Уходящая на покой беспокойная Госдума в финале своего срока годности сделала доброе дело - приняла в первом чтении законопроект о реформе опеки и попечительства, который, говоря юридическим языком, "повышает гарантии реализации прав и свобод недееспособных и не полностью дееспособных граждан". Иными словами, он действительно защищает права людей.
Это, пожалуй, самый важный законопроект в моей недолгой сенаторской судьбе. После того как 30 декабря 2012 года с боем был принят закон № 302, предусматривающий введение в Гражданский кодекс института ограниченной дееспособности для лиц с психическими расстройствами, а также обязанности учета опекунами мнения недееспособного гражданина, мы в нашем комитете по конституционному законодательству и государственному строительству сформировали рабочую группу для разработки следующего шага, который касался уже существенной реформы нынешнего института опеки и попечительства.

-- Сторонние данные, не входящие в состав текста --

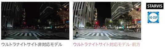 フロントカメラは、高感度・高画質を実現するSONY製CMOSセンサー 「STARVIS(TM)」と当社独自の画像認識・処理の知見を活かした「AI-ISP(Image Signal Processor)」を組み合わせた「ウルトラナイトサイト」に対応。独自の機械学習アルゴリズムで運転シーンやノイズ特性に合わせた画像チューニングを行い、夜間の走行や暗闇の駐車場でもコントラスト豊かなメリハリのある映像を記録できます。また、リアカメラは高感度録画「ナイトサイト」に対応。トンネルや夜間の走行時でも、前後のカメラで鮮明な映像を記録できます。さらに、フロントカメラとリアカメラそれぞれに露出補正機能を装備しており、個別に明るさを調整(9段階)できるので、リアガラスがスモークガラスの場合でも後方の映像をしっかり録画します。

Через год, в марте 2014-го, законопроект был готов, мы передали его на отзыв в правительство и предсказуемо получили тучу хмурых замечаний профильных министерств и ведомств, в количестве аж 25 штук. Это много. Очень много. Фактически, в переводе с бюрократического на человеческий означает, что законопроект похоронен.
Мы пришли к Валентине Матвиенко, она обратилась к Ольге Голодец. Голодец сразу сформировала расширенную рабочую группу с представителями правительства по доработке законопроекта и сама начала вникать в детали. В Совете Федерации в детали пришлось активно вникать Валентине Матвиенко, Галине Кареловой и двум Андреям – сенатору Клишасу и полпреду правительства в верхней палате Яцкину.
В еженедельной работе по согласованию законопроекта трудились Минюст, Минтруд, Минобр, Минздрав, Минэк, Институт законодательства и сравнительного правоведения при правительстве РФ, а также представитель правительства РФ в Совете Федерации. К июлю 2014 г. законопроект был доработан и текст его был согласован.
О чем же этот скучный законопроект.
Во-первых, он предлагает введение возможности «частичной» опеки. Когда функции и ответственность «частичного» опекуна распространяются лишь на определенные сферы жизни подопечного: образование, реабилитацию, профессиональную подготовку, трудоустройство и т. п.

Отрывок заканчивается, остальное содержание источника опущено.